(Provided records Opens)
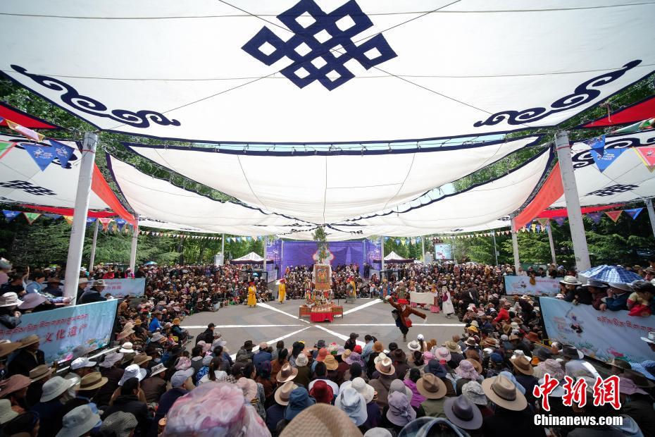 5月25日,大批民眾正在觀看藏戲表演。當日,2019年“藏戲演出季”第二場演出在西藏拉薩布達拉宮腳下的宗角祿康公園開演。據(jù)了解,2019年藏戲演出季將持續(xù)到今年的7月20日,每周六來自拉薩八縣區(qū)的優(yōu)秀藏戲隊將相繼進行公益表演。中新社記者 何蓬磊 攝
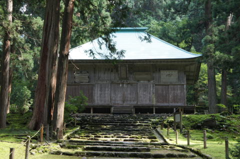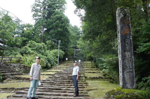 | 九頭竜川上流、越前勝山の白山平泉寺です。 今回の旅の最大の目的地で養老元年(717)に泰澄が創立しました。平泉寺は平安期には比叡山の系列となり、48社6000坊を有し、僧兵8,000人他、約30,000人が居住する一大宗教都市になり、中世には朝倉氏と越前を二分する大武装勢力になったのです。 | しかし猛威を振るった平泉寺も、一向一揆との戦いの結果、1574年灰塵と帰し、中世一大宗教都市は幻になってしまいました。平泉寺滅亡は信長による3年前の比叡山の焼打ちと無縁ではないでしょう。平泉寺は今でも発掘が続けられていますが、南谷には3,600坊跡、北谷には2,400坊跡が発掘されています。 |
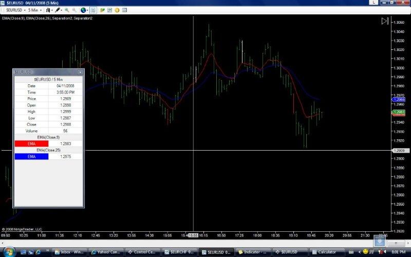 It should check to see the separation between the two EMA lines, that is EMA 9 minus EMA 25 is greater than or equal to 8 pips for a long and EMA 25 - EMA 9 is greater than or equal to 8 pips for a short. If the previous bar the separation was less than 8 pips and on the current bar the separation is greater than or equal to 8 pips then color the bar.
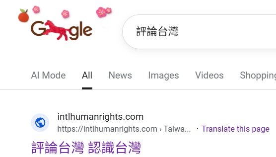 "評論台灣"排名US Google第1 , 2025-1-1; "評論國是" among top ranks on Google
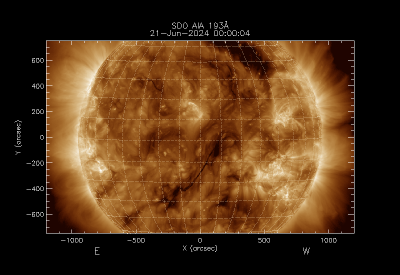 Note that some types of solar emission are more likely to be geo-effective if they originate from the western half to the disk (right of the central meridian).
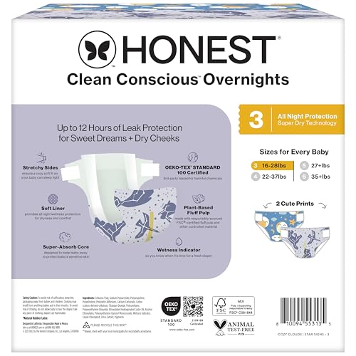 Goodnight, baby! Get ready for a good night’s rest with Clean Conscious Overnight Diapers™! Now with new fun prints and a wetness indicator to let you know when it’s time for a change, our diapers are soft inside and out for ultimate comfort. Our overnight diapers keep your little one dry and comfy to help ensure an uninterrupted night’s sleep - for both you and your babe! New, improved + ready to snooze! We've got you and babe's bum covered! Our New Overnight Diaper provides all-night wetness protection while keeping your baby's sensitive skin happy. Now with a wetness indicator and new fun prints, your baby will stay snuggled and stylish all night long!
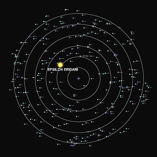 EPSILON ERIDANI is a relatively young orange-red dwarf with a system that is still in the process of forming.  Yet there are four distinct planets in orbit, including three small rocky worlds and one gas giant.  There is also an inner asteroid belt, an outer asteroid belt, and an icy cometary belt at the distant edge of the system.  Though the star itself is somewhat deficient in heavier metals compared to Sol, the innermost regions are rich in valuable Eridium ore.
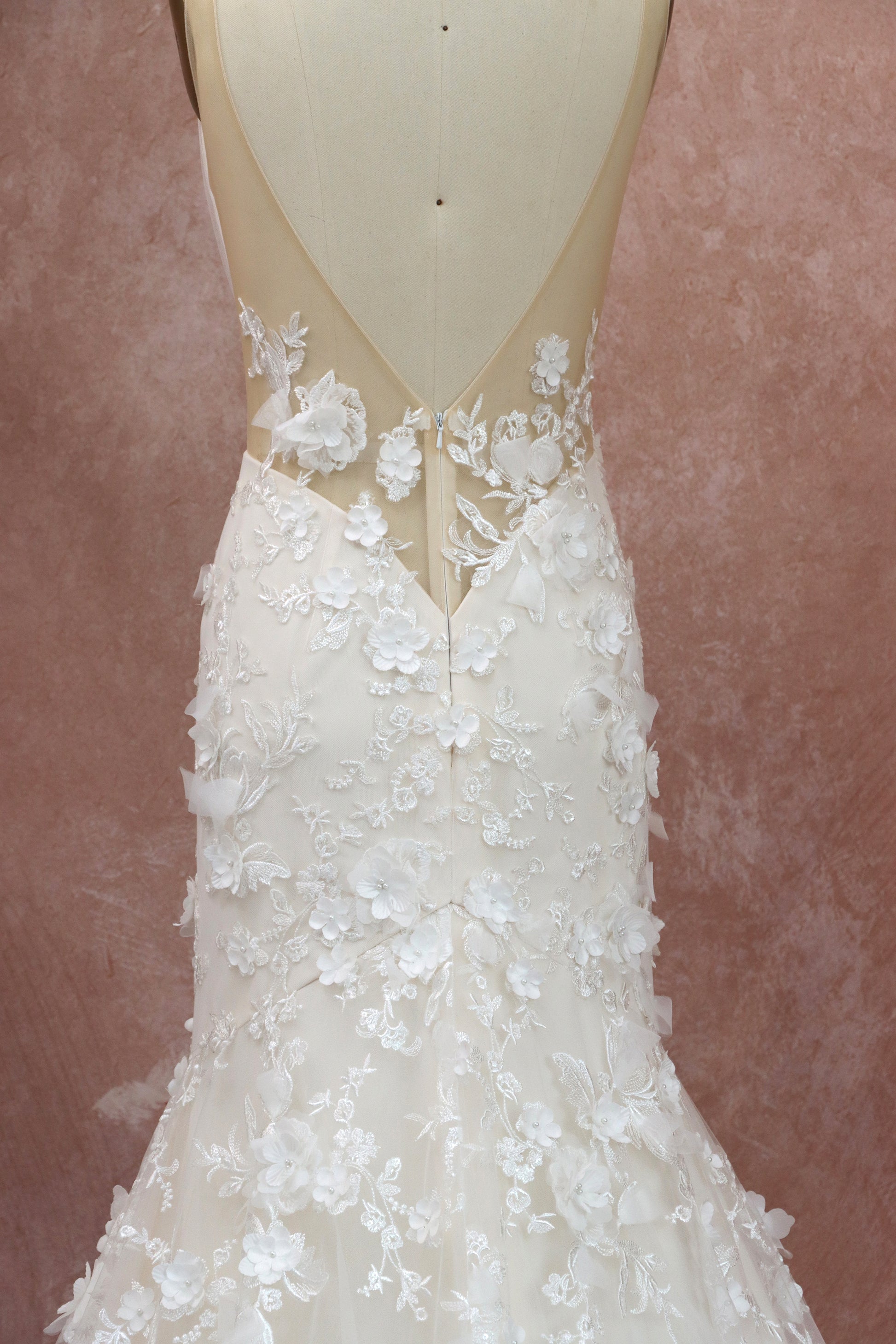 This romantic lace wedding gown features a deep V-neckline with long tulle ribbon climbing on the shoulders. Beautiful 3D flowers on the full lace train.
(Provided records Closes)
_Activity:_ Give each record above back word for word, but carry over none of the pictures.

_Written solution:_
 5月25日,大批民眾正在觀看藏戲表演。當日,2019年“藏戲演出季”第二場演出在西藏拉薩布達拉宮腳下的宗角祿康公園開演。據(jù)了解,2019年藏戲演出季將持續(xù)到今年的7月20日,每周六來自拉薩八縣區(qū)的優(yōu)秀藏戲隊將相繼進行公益表演。中新社記者 何蓬磊 攝
 | 九頭竜川上流、越前勝山の白山平泉寺です。 今回の旅の最大の目的地で養老元年(717)に泰澄が創立しました。平泉寺は平安期には比叡山の系列となり、48社6000坊を有し、僧兵8,000人他、約30,000人が居住する一大宗教都市になり、中世には朝倉氏と越前を二分する大武装勢力になったのです。 | しかし猛威を振るった平泉寺も、一向一揆との戦いの結果、1574年灰塵と帰し、中世一大宗教都市は幻になってしまいました。平泉寺滅亡は信長による3年前の比叡山の焼打ちと無縁ではないでしょう。平泉寺は今でも発掘が続けられていますが、南谷には3,600坊跡、北谷には2,400坊跡が発掘されています。 |
 It should check to see the separation between the two EMA lines, that is EMA 9 minus EMA 25 is greater than or equal to 8 pips for a long and EMA 25 - EMA 9 is greater than or equal to 8 pips for a short. If the previous bar the separation was less than 8 pips and on the current bar the separation is greater than or equal to 8 pips then color the bar.
 "評論台灣"排名US Google第1 , 2025-1-1; "評論國是" among top ranks on Google
 Note that some types of solar emission are more likely to be geo-effective if they originate from the western half to the disk (right of the central meridian).
 Goodnight, baby! Get ready for a good night’s rest with Clean Conscious Overnight Diapers™! Now with new fun prints and a wetness indicator to let you know when it’s time for a change, our diapers are soft inside and out for ultimate comfort. Our overnight diapers keep your little one dry and comfy to help ensure an uninterrupted night’s sleep - for both you and your babe! New, improved + ready to snooze! We've got you and babe's bum covered! Our New Overnight Diaper provides all-night wetness protection while keeping your baby's sensitive skin happy. Now with a wetness indicator and new fun prints, your baby will stay snuggled and stylish all night long!
 EPSILON ERIDANI is a relatively young orange-red dwarf with a system that is still in the process of forming.  Yet there are four distinct planets in orbit, including three small rocky worlds and one gas giant.  There is also an inner asteroid belt, an outer asteroid belt, and an icy cometary belt at the distant edge of the system.  Though the star itself is somewhat deficient in heavier metals compared to Sol, the innermost regions are rich in valuable Eridium ore.
 This romantic lace wedding gown features a deep V-neckline with long tulle ribbon climbing on the shoulders. Beautiful 3D flowers on the full lace train.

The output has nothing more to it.